Description of the task: Type out the listing below exactly. Pictures stay out of it.

Dataset section:
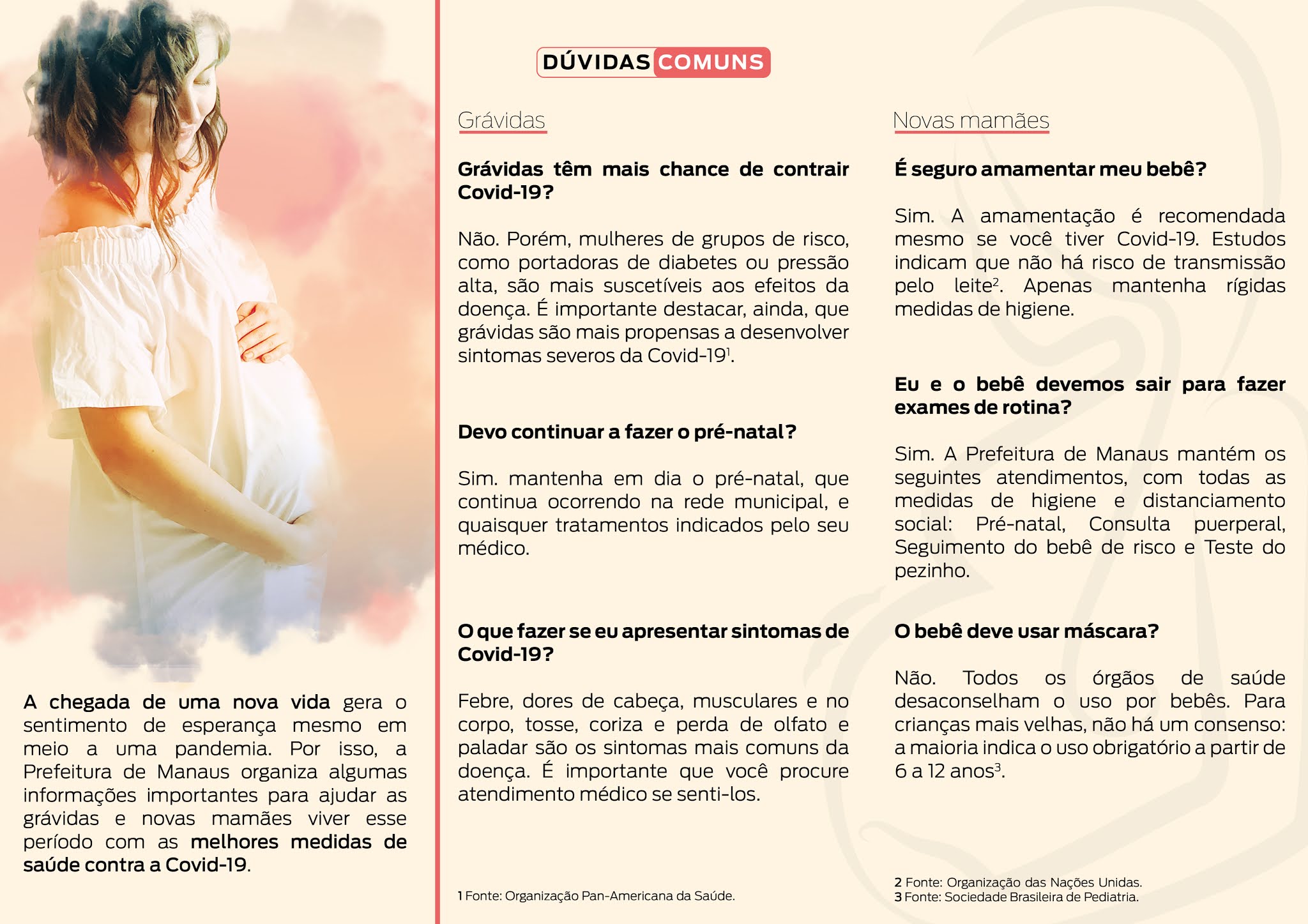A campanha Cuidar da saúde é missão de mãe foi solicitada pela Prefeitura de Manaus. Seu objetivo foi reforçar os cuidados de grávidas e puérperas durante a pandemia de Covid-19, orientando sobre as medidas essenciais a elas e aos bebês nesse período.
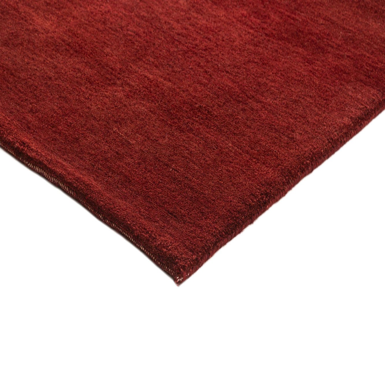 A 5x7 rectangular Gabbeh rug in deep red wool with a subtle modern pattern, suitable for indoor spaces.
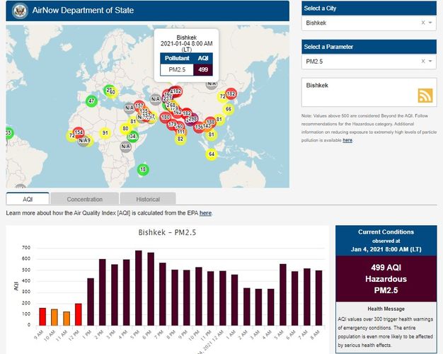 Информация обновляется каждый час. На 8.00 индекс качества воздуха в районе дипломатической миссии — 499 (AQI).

Task response:
A campanha Cuidar da saúde é missão de mãe foi solicitada pela Prefeitura de Manaus. Seu objetivo foi reforçar os cuidados de grávidas e puérperas durante a pandemia de Covid-19, orientando sobre as medidas essenciais a elas e aos bebês nesse período.
 A 5x7 rectangular Gabbeh rug in deep red wool with a subtle modern pattern, suitable for indoor spaces.
 Информация обновляется каждый час. На 8.00 индекс качества воздуха в районе дипломатической миссии — 499 (AQI).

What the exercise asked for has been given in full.